When Cyndi finally reemerges, performing on Patti LaBelle’s Thanksgiving special, it seemed she’d been reborn – or at least reshorn. Well-known for flame-colored tresses, which graduated to shades of tangerine at some points, Cyndi’s lately been wearing her perennially conspicuous locks a shade of platinum blonde And stick straight like a 1963 London girl – very Mod. This shocked some people who’ve also observed Annie Lennox’s conversion from flame to platinum. But Cyndi’s first experiment with haircolor dates back to when she was nine. “I wanted green hair for Saint Patrick’s Day, so used green food coloring,” she recalls fondly. “At twelve, used Sun-In, then went on to Nice n’ Easy. Before I knew it, every month I needed another bottle. So I went on to the hard stuff. I once tried to dye it back to brown-my natural color – but it turned red by mistake. But I liked it pretty much, so I kept it.”
The reason she’s now dispensed with the red hair is that it’s become a little too popular – not very unusual at all. “It’s fun to look different,” she squeals. “After you finish getting dressed and having a great time doing it, you go out and deal with everybody. Then you realize nobody else looks like that and you have a problem going to the grocer. But the biggest problem happens when it becomes too accepted, to the point where everyone is doing it. That’s the Catch-22 I got caught in. But I like to change all the time – maybe I’m just an amoeba. I don’t know.”
No, Cyndi, you’re not an amoeba. It’s OK to change. You don’t have to wear all that jewelry anymore or all those Aunt Jemima get ups. But you already decided that, right? Just like you already decided you’re going to tie the knot with your longtime manager, boyfriend, video co-star Dave Wolff sometime this fall.

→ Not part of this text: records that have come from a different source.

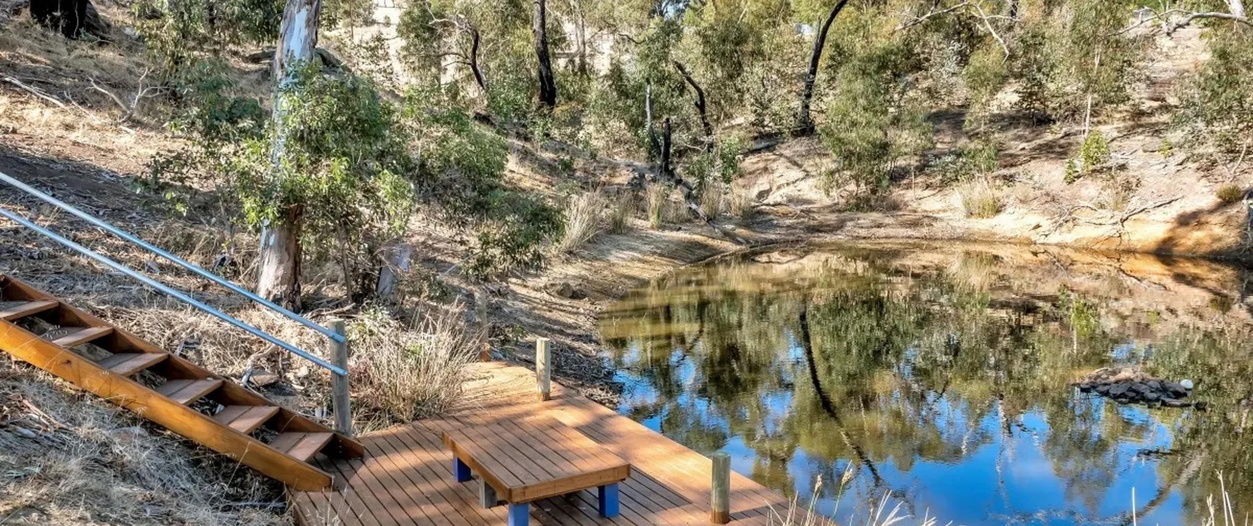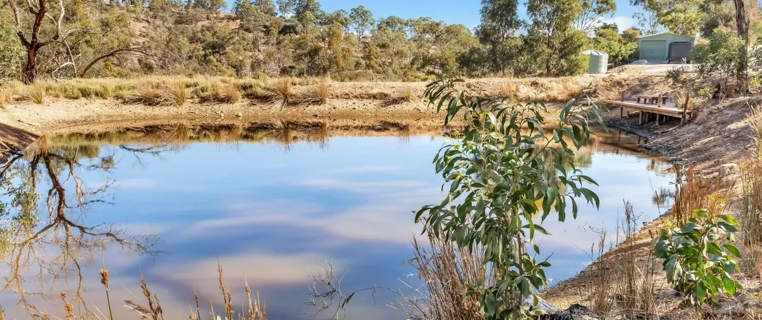 - 2 large dams, 1 with decking for boating, swimming or fishing
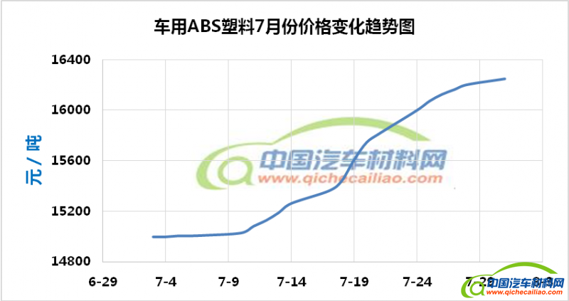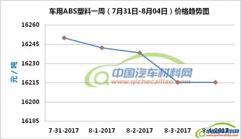 ABS塑料本周价格呈持续下跌趋势,一周内跌幅达34.62元/吨。本周五价格涨至16215.38元/吨。车用ABS塑料本周均价为16232.31元/吨,较上周上涨0.74%,较7月份均价上涨4.73%。
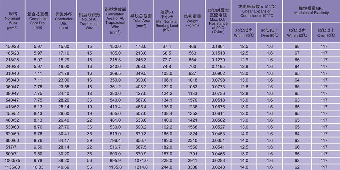 • 导线的直流电阻和交流电阻小,线路运行时线损小,导电率为63% IACS,比普通导线提高2个百分点
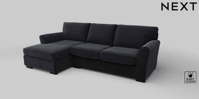 6.12.1 Buy Michigan II Medium Sofa Chaise - Left Hand Plush Velvet Easy Clean Charcoal Grey Slim Block - Dark from the Next UK online shop Click here to use our accessible website
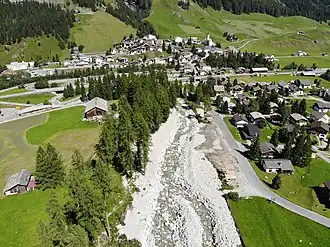 ![]() Der Hüscherabach vor der Einmündung in den Hinterrhein. Im Hintergrund das Dorf Splügen. | ||

There’s no reason why you – Cyndi Lauper, unusual girl – can’t be a grown-up and still be unusual. You don’t have to wear your uniqueness on your sleeve anymore; everyone knows it’s there.
Actually it seems the real innovations will be going into Cyndi’s music. Another major change Cyndi’s enacted is collaboration – for her own record and for other people’s. Her tavern, collaborator, she says, is Patti LaBelle “Singing with her is like being in a different world,’ croaks Cyndi, who wrote one cut with Patti’s voice in mind which will probably be on Patti’s next LP. Meanwhile, the pair recorded the duet Iko Iko which was intended for inclusion on True Colors. Patti absolutely loves Cyndi and is proud to be one of her biggest vocal influences. “She told me,” Patti beams. “I’m part of the reason she’s singing now.” The two songbirds met when Cyndi jumped onstage with Patti in Philadelphia just a few years ago, then followed her backstage, telling her how great she thought Patti was. Now they love to exchange their favorite things – recipes.

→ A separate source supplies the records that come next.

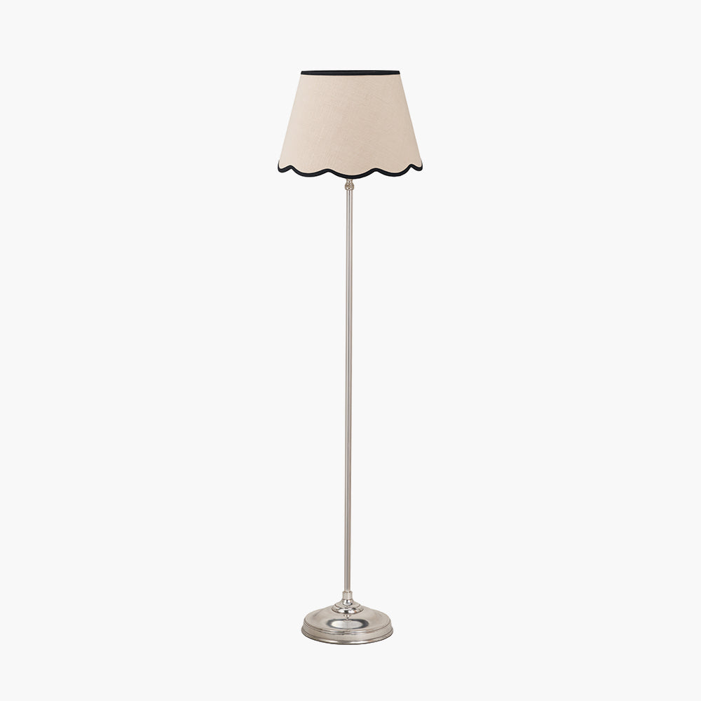 A refined and elegant candlestick floor lamp base made in India, featuring a stepped circular foot and a silver metal finish. Subtle detailing at the top of the stem lends a touch of classic charm. Its graceful proportions make it a perfect choice for living rooms, reading corners, or beside a favourite armchair. Its beautifully crafted cream jute tapered shade with a scalloped edge and contrast black binding creates an elegant silhouette and textured finish that draws the eye��������making it the perfect statement piece.
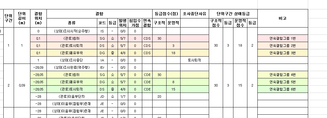 정주행 중단/역주행 완주 시 조사중단 지점이 이음부 중간지점일때 단위구간 점수 계산 오류
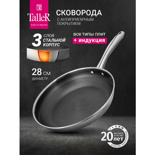 Сделайте свой выбор в пользу надёжности и качества! Эта сковорода — незаменимая посуда для кухни, которая сочетает в себе профессиональное качество и удобство повседневного использования. Сковорода TalleR станет вашим верным помощником в приготовлении вкусных и здоровых блюд.
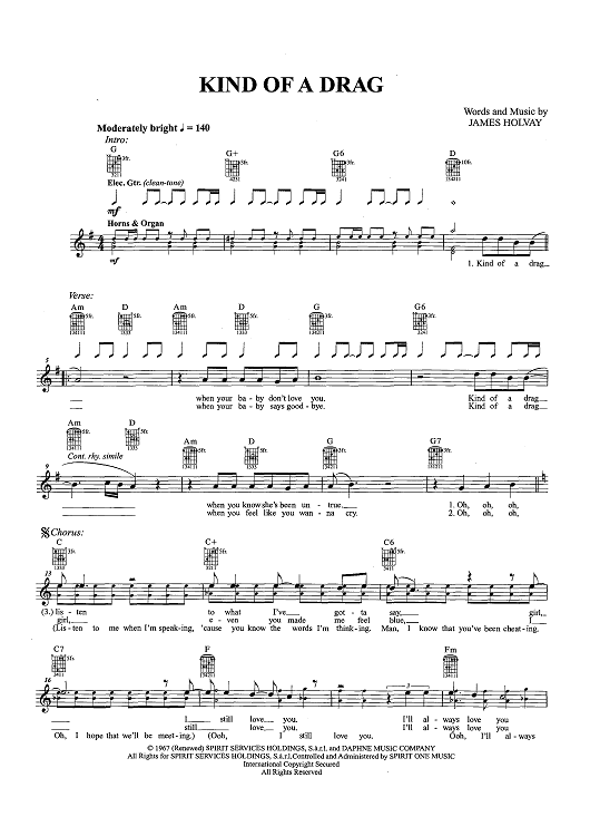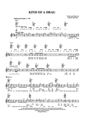 Digital Sheet Music for Kind of a Drag by James Holvay, The Buckinghams scored for Guitar Tab/Vocal/Chords; id:457325
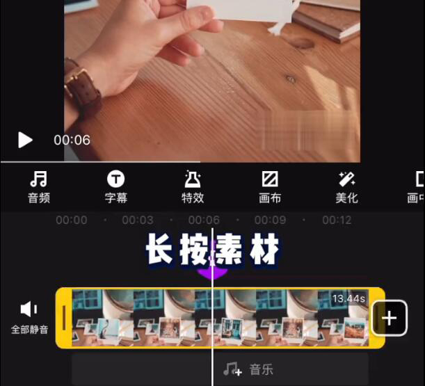 5、随后,在快剪辑中,长按该视频素材并拖拽视频尾部来调整时长。这样快剪辑就可以去除整个视频的水印。
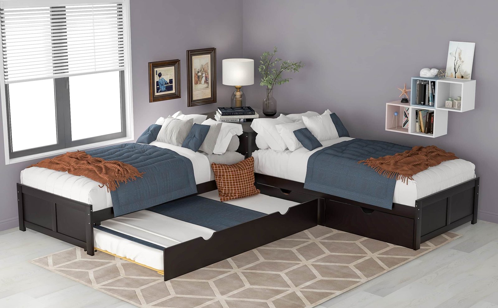 Introducing the L-shaped Platform Bed with Trundle and Drawers, perfectly designed for families and those with limited space. This innovative bed setup not only maximizes sleeping capacity but also combines functionality with style. Whether you’re accommodating guests or hosting sleepovers, this versatile solution is a must-have for any home.
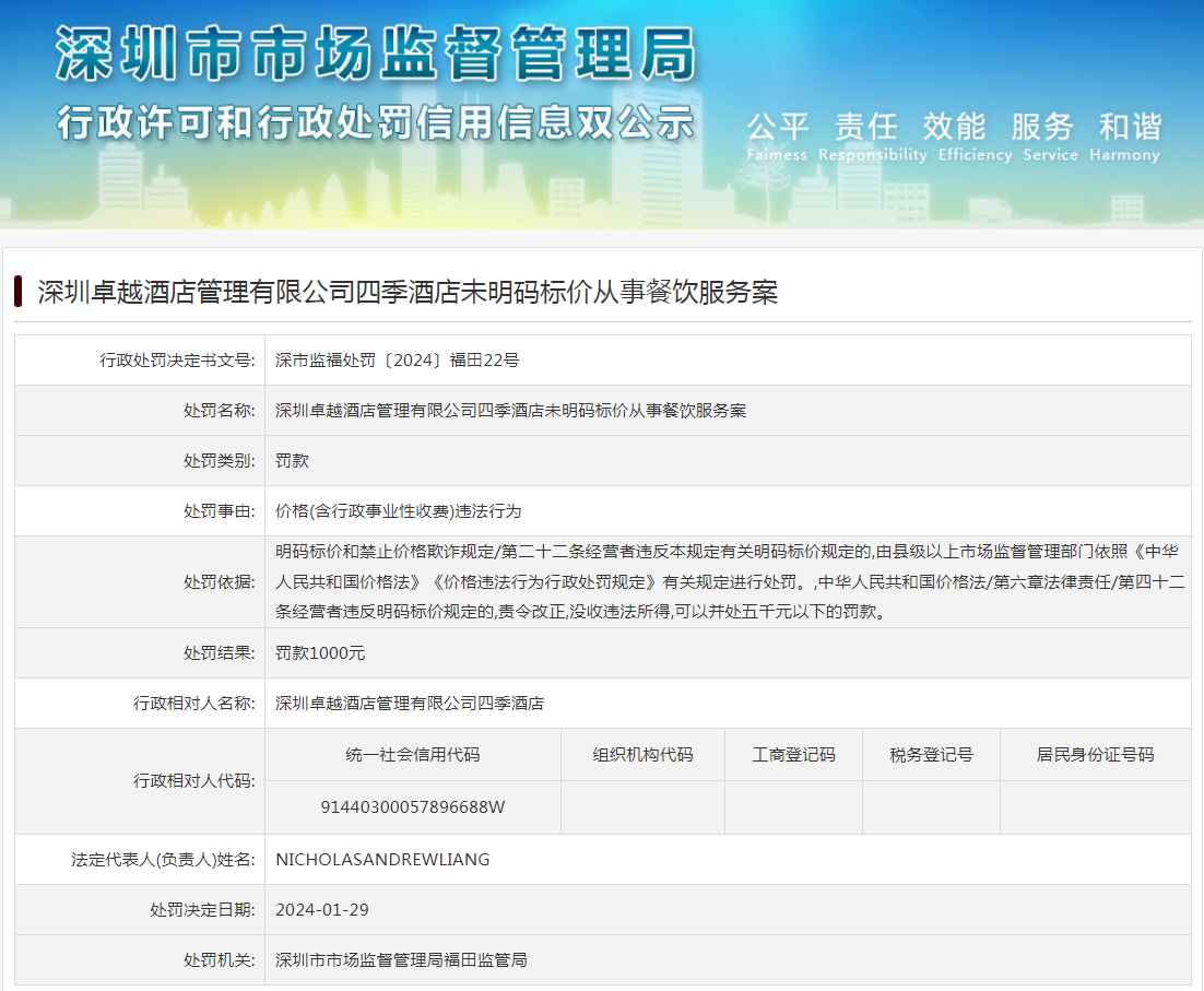 深圳卓越酒店管理有限公司四季酒店未明碼標價從事餐飲服務案
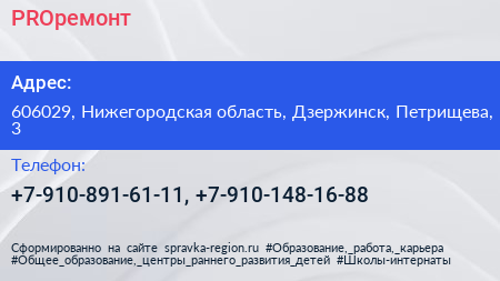 PROремонт по адресу 606029, Нижегородская область, Дзержинск, Петрищева, 3 в дальнейшем Организация, размещена в следующих категориях:
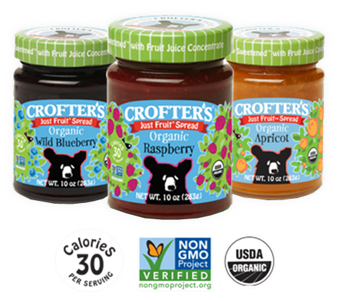 All of our Premium Spreads and Just Fruit Spreads contain one-third fewer sugars than standard fruit jam. Click here to learn more about the role of sugars in preserving fruit and why Crofter’s Fruit Spreads need to be refrigerated after opening.
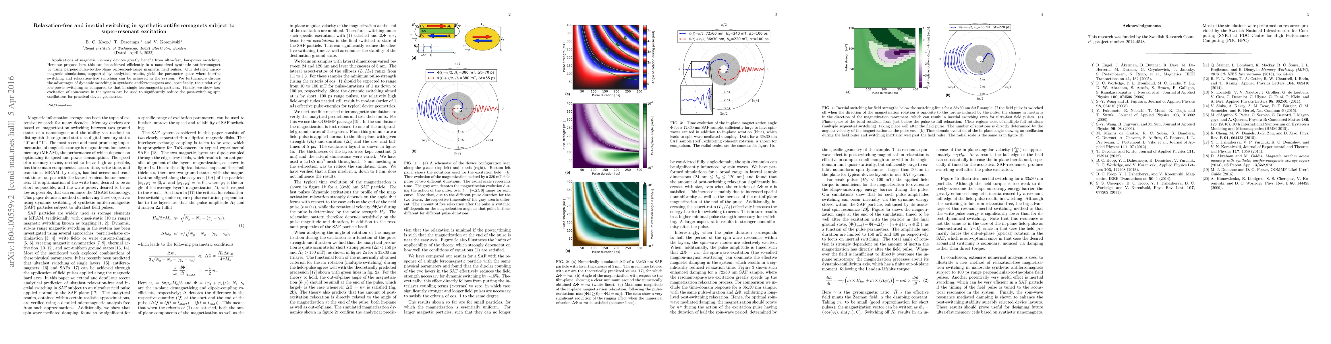 This paper proposes ultra-fast, low-power switching in nano-sized synthetic antiferromagnets using perpendicular picosecond magnetic field pulses, achieving inertial and relaxation-free switching through micromagnetic simulations and analytical results. It highlights the benefits of dynamic switching, including low power consumption compared to single ferromagnetic particles.

As for other sharing Cyndi also wrote and sings Code of Silence with Billy Joel on his new record The Bridge. (The song has nothing to do with Chuck Norris – it’s about preserving one’s soul, something Cyndi obviously knows a bit about.) And she’s also slated to co-produce and co-direct all her upcoming videos, of which there will be many. There’s Hulk Hogan and company, and her mother will be in them. Maybe Cyndi’s grown up enough to go it alone.

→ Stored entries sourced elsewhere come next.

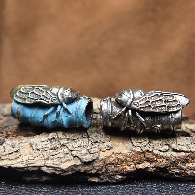 1Pc Bamboo Cicada Brass Knife Beads DIY Paracord Beads Lanyard Key Chain Pendant Accessories Outdoor Tool Umbrella Rope Hangings
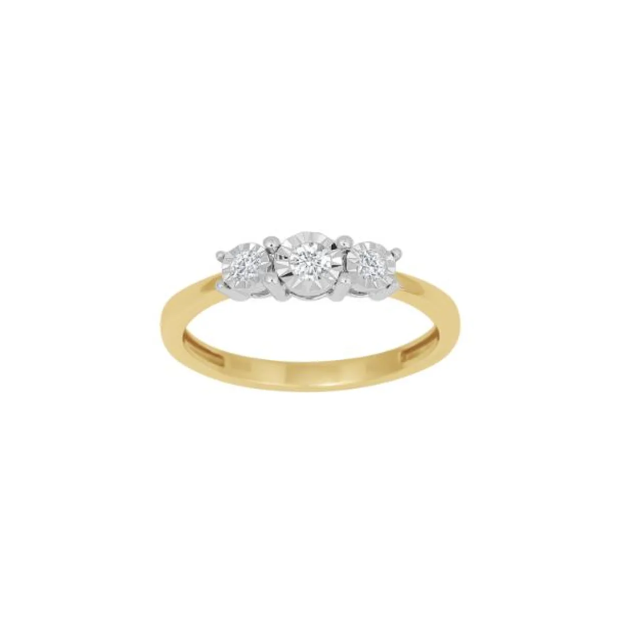 14 karat guld ring med brillanter på i alt 0,16 carat i kvaliteten wesselton/si. De tre brillanter sidder i 14 karat hvidgulds fatninger og det gør at brillanter skinner fantastisk meget. Ringen måler 3,9 mm i højden på det højeste punkt.
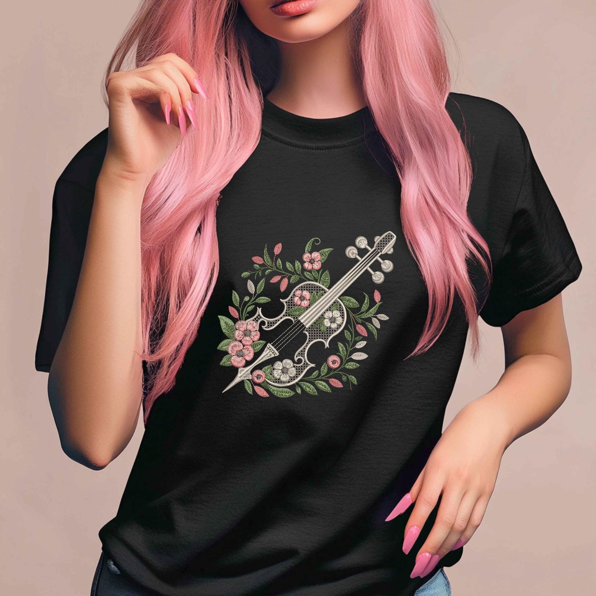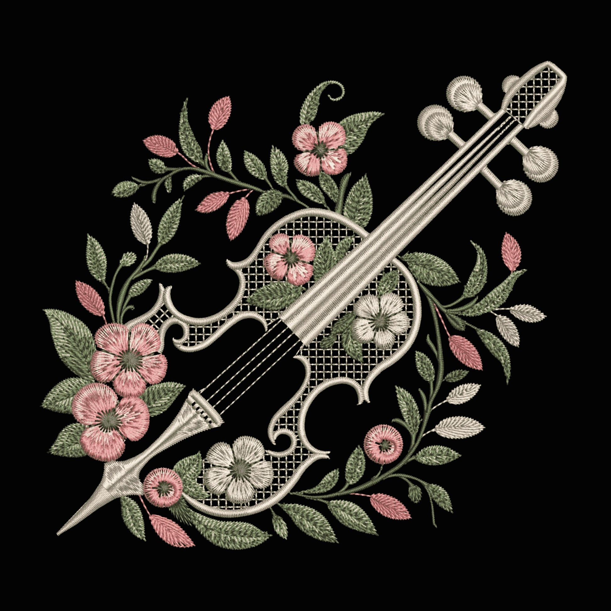 Celebrate the harmony of music and nature with this highly detailed floral cello embroidery design π»πΏ. The elegant silhouette of a cello is richly adorned with delicate flowers, swirls, and leafy vines in soft tones β perfect for creating beautiful, expressive embroidered gifts or decor.
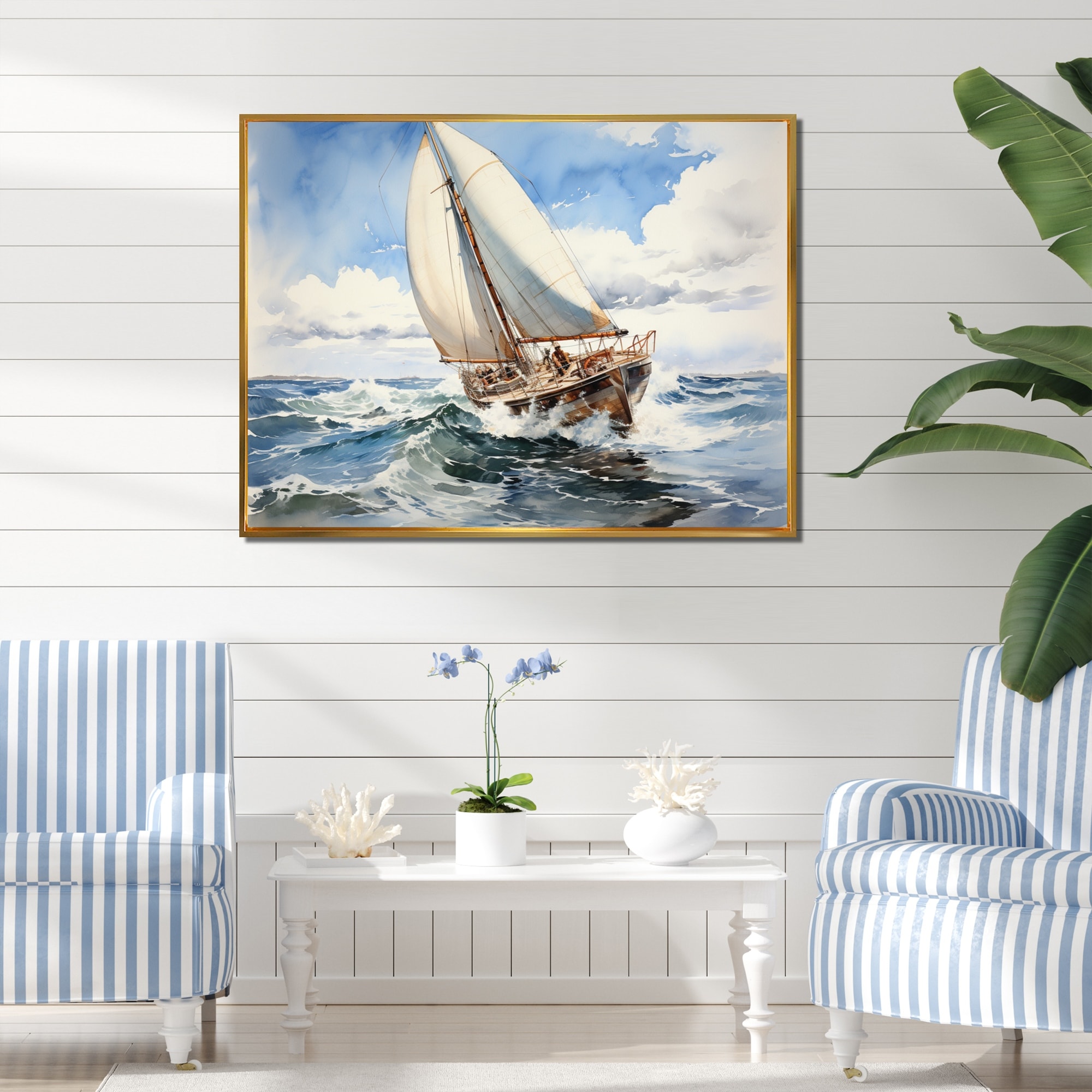 Designart "Classic Sailboat Wave" Nautical & Coastal Framed Art Print

One thing we do know is that she’ll be going behind the big-big cameras in late ’86. Cyndi will have her first acting role, opposite Dan Aykroyd, in a comedy film called Vibes. Cyndi is angling to get out of the teen bracket. She wants to sing adult songs, to produce and to move from comedy to singing the way Barbra Streisand – another New York girl – does. And it wouldn’t be at all unusual if she pulls it off.